Nasza Loteria SR - pasek na kartach artykułów

Kruszkowski: Praca z młodzieżą? Trudniejsza niż olimpijski finał

rozmawiał Joachim Przybył
Kruszkowski ma dużo do przekazania swoim podopiecznym.
Kruszkowski ma dużo do przekazania swoim podopiecznym.
Rozmowa z byłym wioślarzem Sławomirem Kruszkowskim - teraz trenerem młodzieży w AZS UMK Energa Toruń.

- Wiosłowałeś ponad 20 lat, zaliczyłeś trzy Igrzyska Olimpijskie, zdobyłeś medale na mistrzostwach Europy i świata. Skończyłeś karierę i wiedziałeś, że chcesz pracować z młodzieżą?
- Pierwsza myśl, była taka: co ja teraz będę ze sobą robił? Takim dominującym uczuciem był żal, że to się skończyło. Stąd myśl, żeby już dać sobie spokój, oderwać się od tego całego sportowego bałaganu i zająć się czymś innym. Długo nie wytrzymałem. Praca za biurkiem okazała się męką, z okna widziałem hokeistów, którzy codziennie szli na trening, potem wracają spoceni i szczęśliwi. Czułem, że coś mnie ciągnie z powrotem i wreszcie pojawiła się oferta z AZS UMK. W pierwszej chwili była wielka radość, potem przyszło zwątpienie: że nie mam doświadczenia, że sobie nie poradzę. Dotąd to zawsze ja kogoś słuchałem, a teraz miałem wytyczać szlaki innym. Nie wystarczy nauczyć wiosłować. Dochodzi cały rozbudowany temat psychiki człowieka. Teraz wiem, jaka to skomplikowana praca. Każdy tydzień przynosi nowe problemy, z którymi człowiek wcześniej nie miał do czynienia. Żadne doświadczenia wioślarskie w tej kwestii nie pomogą, trzeba wszystko wypracować samemu.

- Czy fakt, że jesteś znanym i utytułowanym sportowcem pomaga w pracy z młodzieżą?
- O to trzeba zapytać dzieciaków. Autorytet w pojęciu młodych ludzi różni się od definicji nas, starszych.
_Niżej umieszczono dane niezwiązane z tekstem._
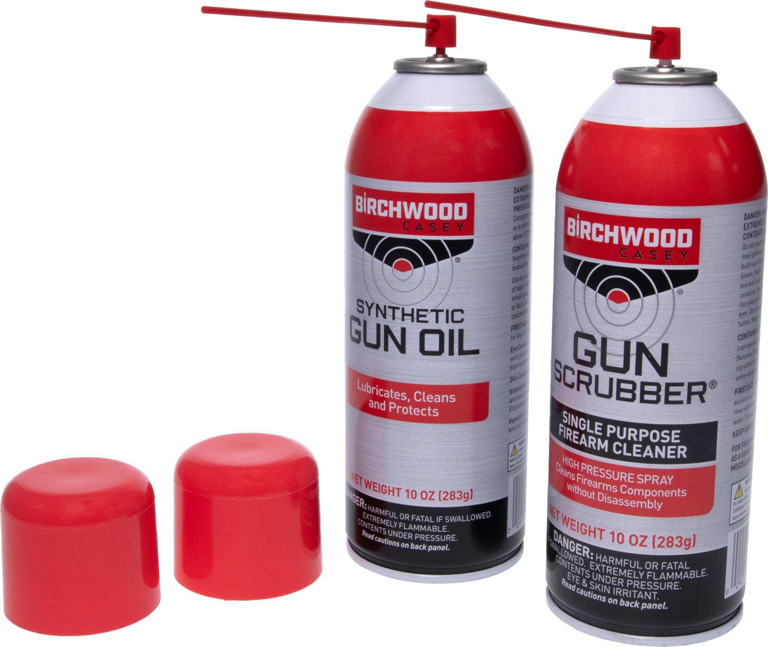 Maintain your collection with the Birchwood Casey Scrubber and Oil 2-Pack. The scrubber and oil are designed to clean and lubricate guns, and they quickly evaporate after use for reduced leftover residue.

Dla kogoś, kto zaczyna sportowe życie, temat mistrzostw świata czy Igrzysk Olimpijkskich to jakaś odległa i mglista przyszłość. Zwłaszcza w przypadku najmłodszych grup staram się takie elementy także wprowadzać do zajęć. Rozmawiamy o największych imprezach na świecie, pokazuję dzieciakom filmy z moim udziałem z Pekinu czy Aten, ale widzę, że to nie zawsze działa. Autorytetu nie zdobędzie się historią, trzeba sobie go wypracować w codziennym trudzie. Może nie użyłbym terminu "kumpel", ale staram się nawiązać z nimi bliższe relacje, takie, jakie sam miałem z kilkoma trenerami w czasie mojej kariery. Wiem, czego oczekiwałem od opiekunów i to staram się dzieciakom zapewnić. Są okresy, że oni na treningach spędzają więcej czasu niż w domu, więc muszę być świadomy mojej ogromnej odpowiedzialności. Teraz mam już starszych zawodników, którzy pokochali to wioślarstwo, jak niegdyś ja sam.
- To trudniejsza rola niż olimpijski finał?
- Dużo cięższa, nie przypuszczałem, że jest aż ta trudna. Trzeba się temu poświęcić całkowicie. Gdy zabraknie zaangażowania, od razu to widać. Wioślarstwo jest sportem, które wymaga systematyczności.
Młodzi sportowcy muszą być czasami niepokorni. Jak sobie radzisz z problemami wychowawczymi?
Moja żona czasem się śmieje, że wystarczy, że odpowiednio spojrzę na swoje dzieci i już wiedzą, że coś jest nie tak. Podobne relacje udało mi się zbudować z zawodnikami. Pioruny w oczach wystarczą; wiedzą wtedy, że posunęli się za daleko. W takiej grupie oni muszą poznać granice, a ja muszę ich pilnować. Mnie zresztą te granice również obowiązują. Jeśli spóźniam się trening, to czekają i na mój widok znacząco pukają się w zegarek.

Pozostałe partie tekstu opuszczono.